Tutorial: Azure Data Lake Storage Gen2, Azure Databricks & Spark
This tutorial shows you how to connect your Azure Databricks cluster to data stored in an Azure storage account that has Azure Data Lake Storage Gen2 enabled. This connection enables you to natively run queries and analytics from your cluster on your data.
In this tutorial, you will:
- Ingest unstructured data into a storage account
- Run analytics on your data in Blob storage
If you don't have an Azure subscription, create a free account before you begin.
Prerequisites
Create a storage account that has a hierarchical namespace (Azure Data Lake Storage Gen2)
See Create a storage account to use with Azure Data Lake Storage Gen2.
Make sure that your user account has the Storage Blob Data Contributor role assigned to it.
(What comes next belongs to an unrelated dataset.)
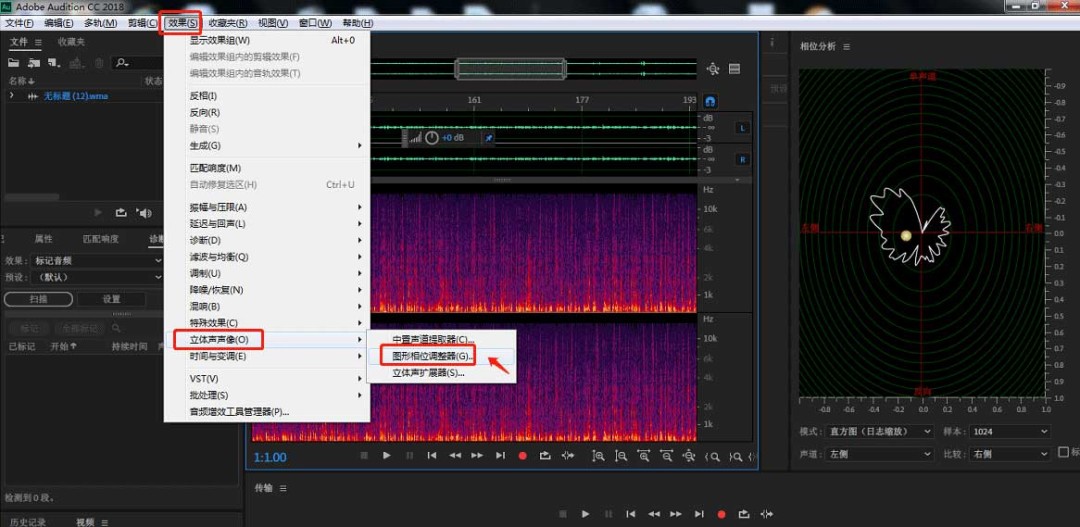 4、点击顶部工具栏中的“效果”——“立体声声像”——“图形相位调整器”。

Install AzCopy v10. See Transfer data with AzCopy v10
Create a service principal, create a client secret, and then grant the service principal access to the storage account.
See Tutorial: Connect to Azure Data Lake Storage Gen2 (Steps 1 through 3). After completing these steps, make sure to paste the tenant ID, app ID, and client secret values into a text file. You'll need those soon.
Download the flight data
This tutorial uses flight data from the Bureau of Transportation Statistics to demonstrate how to perform an ETL operation. You must download this data to complete the tutorial.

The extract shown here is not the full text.